Marian Delyth is a photographer/graphic designer working from her studio in the village of Blaenplwyf near Aberystwyth. Whilst training to be a graphic designer at Newport School of Art she became influenced by the Documentary Photography School led by David Hurn, and proceeded to Birmingham Polytechnic to concentrate on her photographic work for an M.A. She has been a free-lance designer and photographer since 1982 working mainly for the publishing industry in Wales, and has won many awards in that field. She has also played an active part in promoting the Visual Arts in Wales. For the last decade she has concentrated increasingly on personal photographic projects and has exhibited her work here in Wales and internationally. Her photographs can be seen in collections at The Casorio International Centre for Contemporary Art, Naples and The National Library of Wales.
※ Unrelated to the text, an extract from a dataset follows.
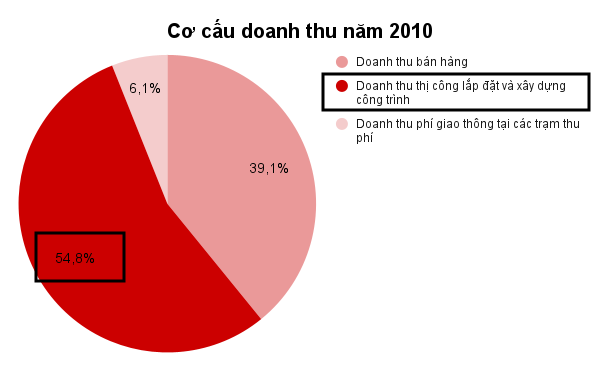 Chiếm gần 60% doanh thu công ty trong thời gian qua đến từ các trạm thu phí BOT với 4 dự án .

Luned DeSimon Luned DeSimon is a charity worker and filmmaker living in North Wales. My short films have shown at festivals in the North West and Wales, and has recently started writing prose with a course designed by Comma Press. The poet Laurence James has descrobed her writing style as “prose of the apocalypse,” She has just completed a writing and research scholarship at Gladstone’s Library, which was awarded on the strength of her unpublished work.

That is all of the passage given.